**What needs to be done**
From the entries below, write out exactly the lines between the line holding "Браслет из натуральной" and the line holding "A 6x9 rectangular", inclusive, excluding any pictures.
Top of Supplied data
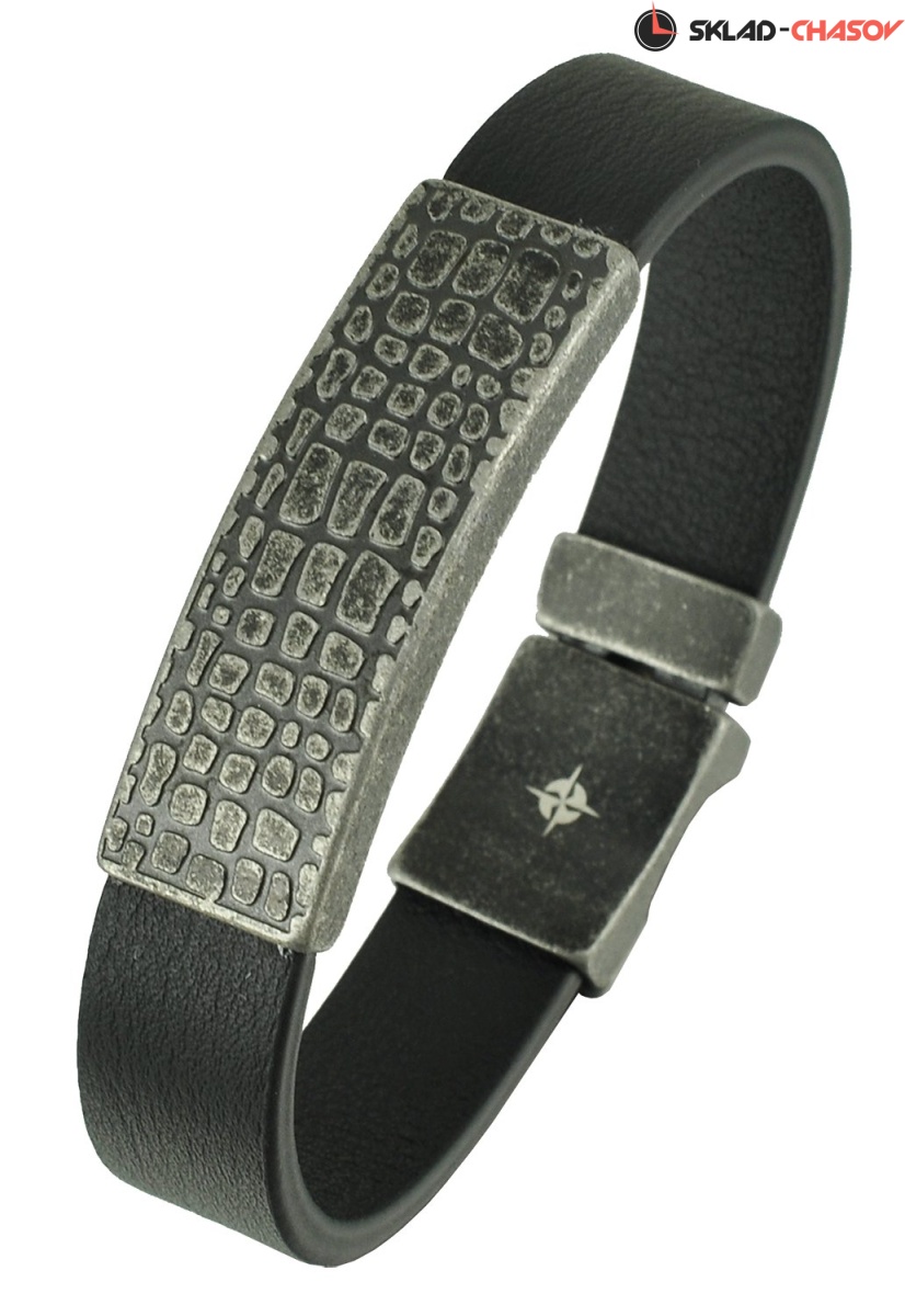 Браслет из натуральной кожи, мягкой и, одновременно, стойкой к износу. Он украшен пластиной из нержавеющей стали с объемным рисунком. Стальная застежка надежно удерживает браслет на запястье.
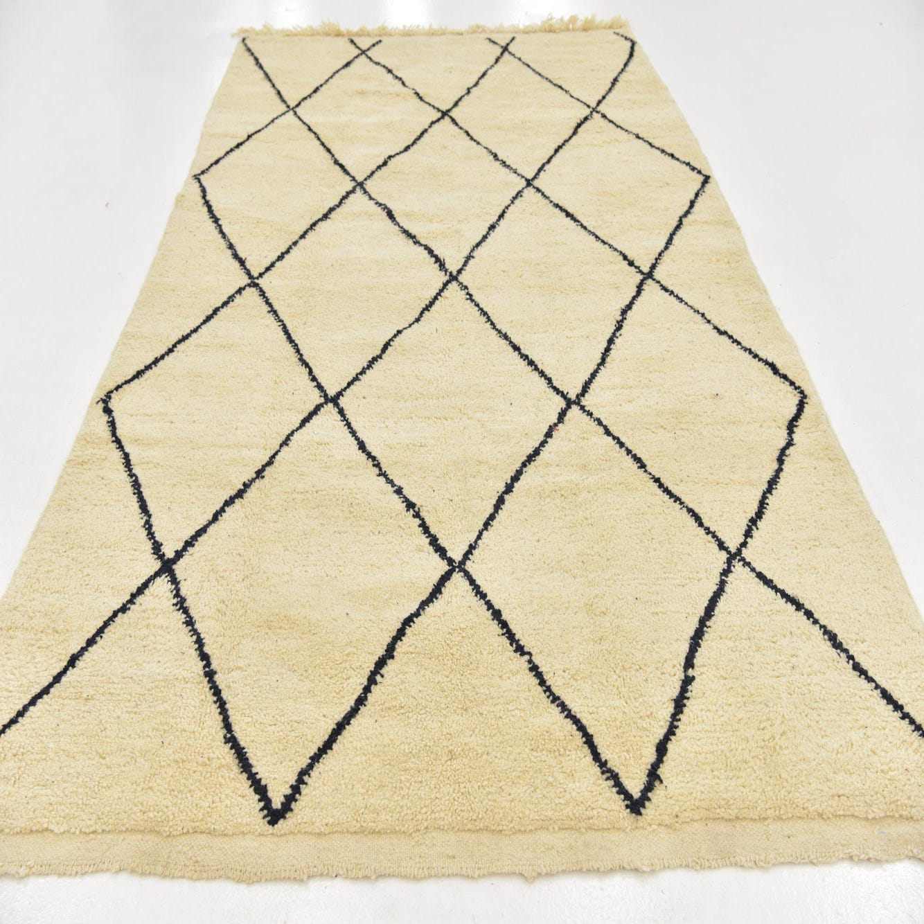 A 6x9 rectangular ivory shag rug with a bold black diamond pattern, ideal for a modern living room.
Bottom of Supplied data
Top of Supplied data
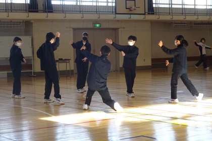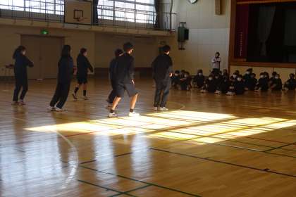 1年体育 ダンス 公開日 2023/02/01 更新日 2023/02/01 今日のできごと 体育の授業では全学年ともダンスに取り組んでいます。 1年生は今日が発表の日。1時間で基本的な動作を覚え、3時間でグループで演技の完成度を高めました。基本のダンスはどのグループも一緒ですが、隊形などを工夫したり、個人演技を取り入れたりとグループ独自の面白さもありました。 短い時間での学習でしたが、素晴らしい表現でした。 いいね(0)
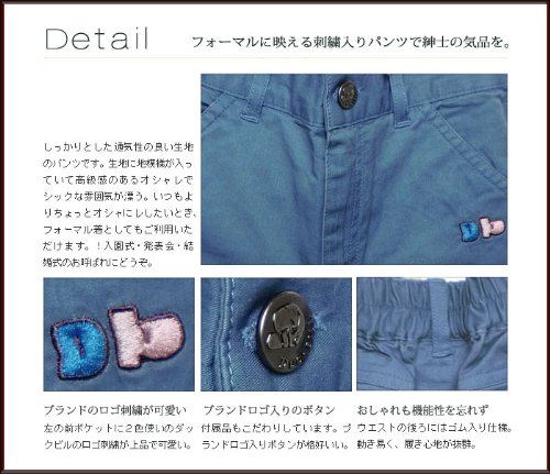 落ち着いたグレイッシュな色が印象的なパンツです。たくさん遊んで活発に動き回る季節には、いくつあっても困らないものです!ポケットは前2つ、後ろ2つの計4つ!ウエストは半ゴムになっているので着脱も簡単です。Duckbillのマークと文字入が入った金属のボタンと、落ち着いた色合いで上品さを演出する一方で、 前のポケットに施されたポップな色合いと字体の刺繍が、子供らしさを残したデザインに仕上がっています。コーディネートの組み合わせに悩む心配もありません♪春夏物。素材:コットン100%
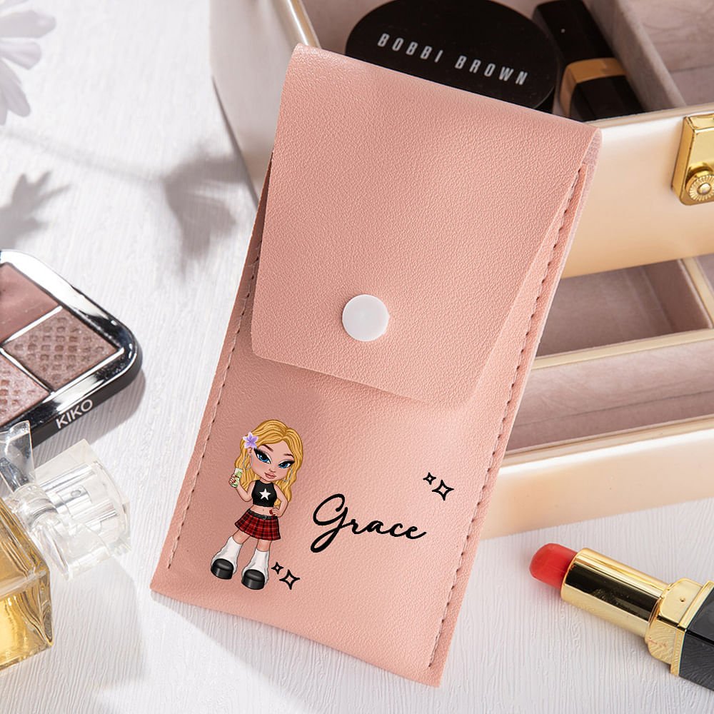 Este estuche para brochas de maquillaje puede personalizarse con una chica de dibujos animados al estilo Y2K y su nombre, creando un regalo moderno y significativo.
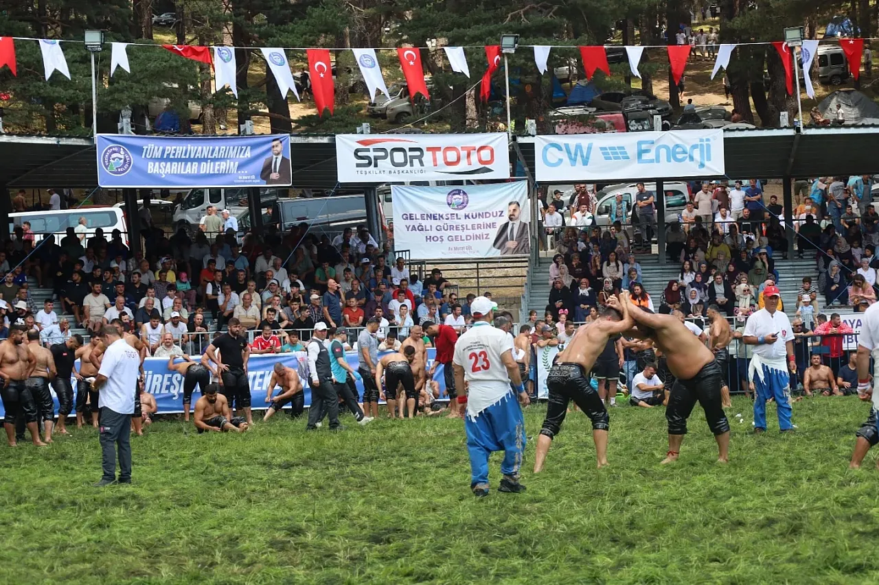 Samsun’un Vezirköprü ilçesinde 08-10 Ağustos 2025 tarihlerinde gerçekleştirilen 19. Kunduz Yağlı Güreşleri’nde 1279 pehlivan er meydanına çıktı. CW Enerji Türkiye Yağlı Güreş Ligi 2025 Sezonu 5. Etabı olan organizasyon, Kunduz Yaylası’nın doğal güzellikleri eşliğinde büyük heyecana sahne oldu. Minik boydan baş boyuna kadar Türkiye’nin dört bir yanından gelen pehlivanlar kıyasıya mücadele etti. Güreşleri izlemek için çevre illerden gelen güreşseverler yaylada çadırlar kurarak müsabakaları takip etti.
Bottom of Supplied data
**Written reply**
 Браслет из натуральной кожи, мягкой и, одновременно, стойкой к износу. Он украшен пластиной из нержавеющей стали с объемным рисунком. Стальная застежка надежно удерживает браслет на запястье.
 A 6x9 rectangular ivory shag rug with a bold black diamond pattern, ideal for a modern living room.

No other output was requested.